Pittsburgh’s Smart City proposal combines data, energy and transportation

Pittsburgh’s application for the $50 million Smart City Challenge grant calls for a series of transportation spines, traffic signals that give priority to transit and freight vehicles, and an “electric avenue” between Downtown and Hazelwood for driverless vehicles charged at solar power stations.

And to oversee the massive series of transportation projects, the city is proposing what it calls the SmartPGH Consortium, a coalition of government, education, transportation, foundation, utility and major freight operators.

Pittsburgh and six other cities will make their final presentations today to U.S. Department of Transportation officials in Washington, D.C., for the grant. Officials from the cities — Pittsburgh; Austin, Texas; Columbus, Ohio; Denver; Kansas City, Mo.; Portland, Ore.; and San Francisco — met with technical personnel Wednesday about their applications.

The initial applications of the finalists, filed in February, were posted online Wednesday by one of the private companies involved in helping them refine their final presentations. Mayor Bill Peduto is leading a team of local officials to offer Pittsburgh’s three-minute video and seven-minute oral presentation today. A winner will be announced by the end of the month.

Pittsburgh’s 30-page initial proposal envisions a triangular platform that uses data collection and a series of electricity microgrids to push transportation improvements.
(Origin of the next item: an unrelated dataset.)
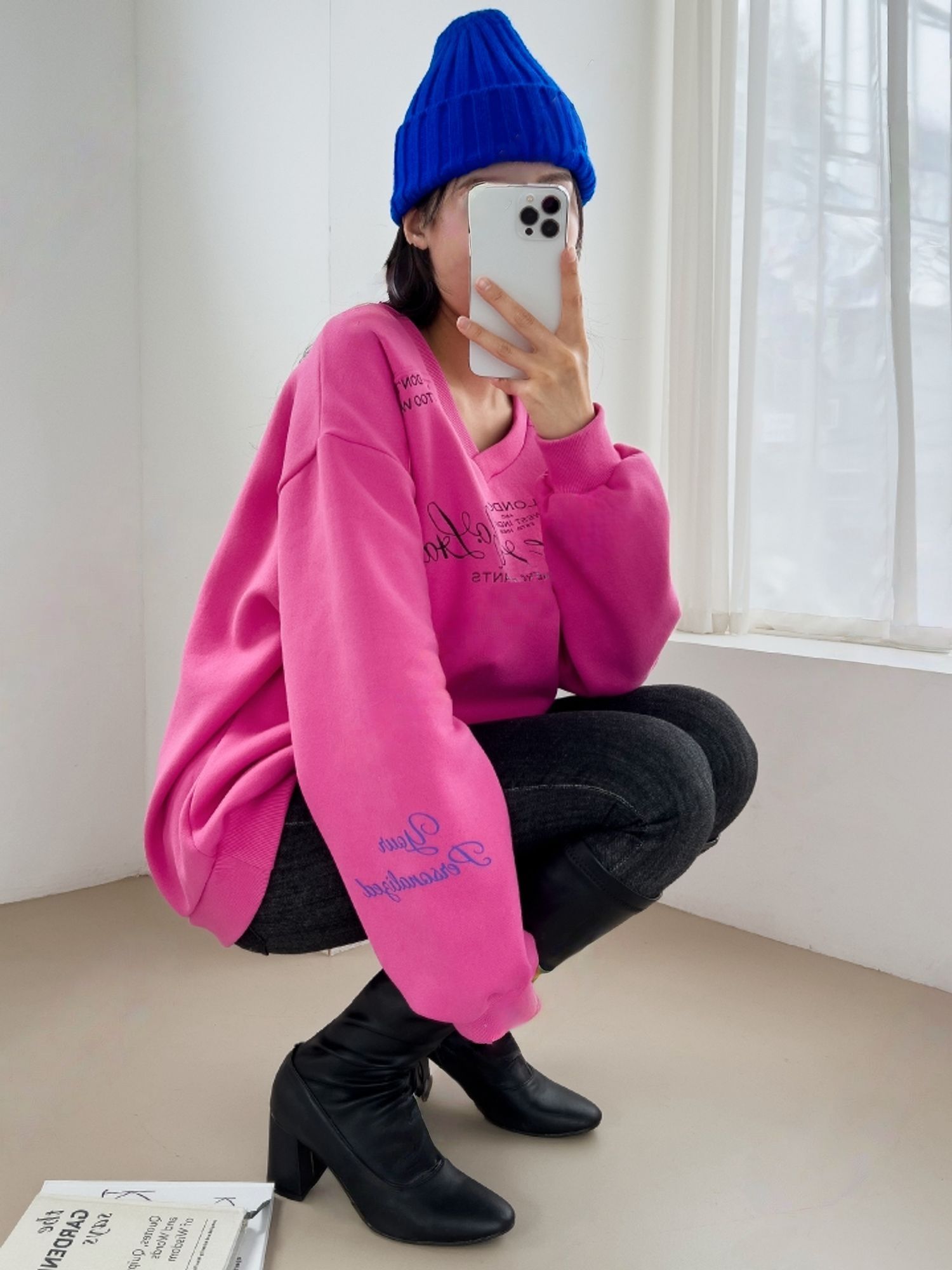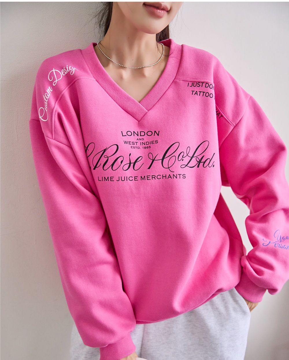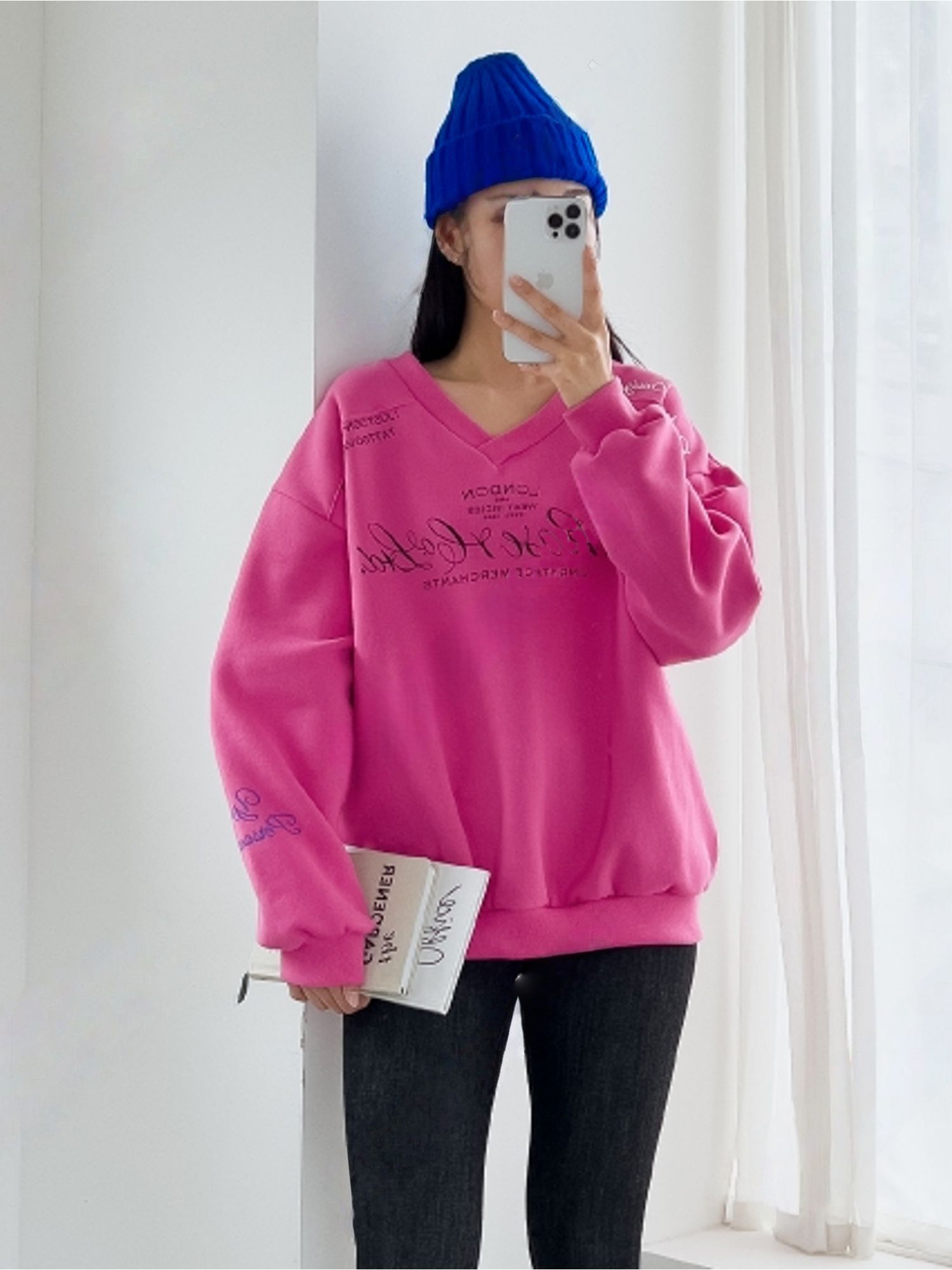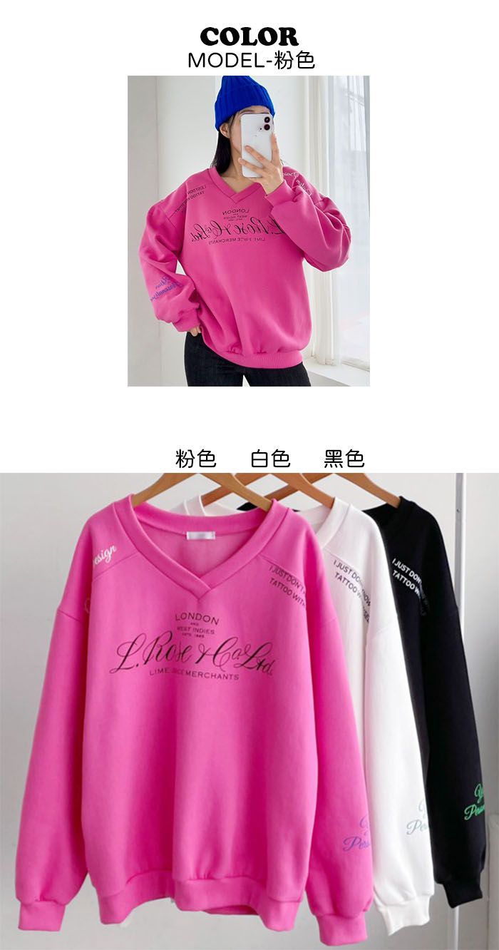 膠印字母/跳色字母/深V領/內刷毛/寬鬆長版/好氣色 - 休閒居家英文字母上衣字母T恤草寫字母大學T長袖上衣寬鬆大尺碼上衣長版上衣粉色黑色白色

In addition to better traffic movement, the city says its proposal would produce side benefits such as a reduction of air pollution in poor neighborhoods that could easily be replicated in other cities.

The city said the Smart City grant would give it “an opportunity to begin to create the next generation of public infrastructure: an adaptive, living communication and data platform that allows the City of Pittsburgh to respond to the transportation and energy needs of residents efficiently and equitably.”

Although it’s not part of the initial proposal, Mr. Peduto has said he foresees the Pittsburgh region also becoming the hub for manufacturing the sensors, circuits and other technology needed to accomplish the Smart City goals.

A key element of the Pittsburgh proposal would be a ”smart spine system” on six streets that feed into the Golden Triangle: Penn, Liberty, Fifth, Forbes and Second avenues, and Bigelow Boulevard.

The system would use the Western Pennsylvania Regional Data Center, a collaborative led by Pittsburgh and Allegheny County and operated by the University of Pittsburgh, to collect location data from various sources along those spines. The sources would include personal, public transit, government and freight-hauling vehicles; street and traffic lights; and social media.

That information would be used to monitor traffic and control traffic lights on those streets, a much larger version of the Surtrac signal control system developed by Carnegie Mellon University and used in East Liberty and Larimer. As part of the system, traffic lights would use sensors to identify transit and freight vehicles and allow them to move through the signals quicker.

That eventually would be expanded throughout the city to all traffic signals.

The information also would be distributed to the public on mobile devices and include suggestions for avoiding congested areas.

In addition, the consortium would work with the freight-hauling industry to coordinate deliveries during off-peak hours.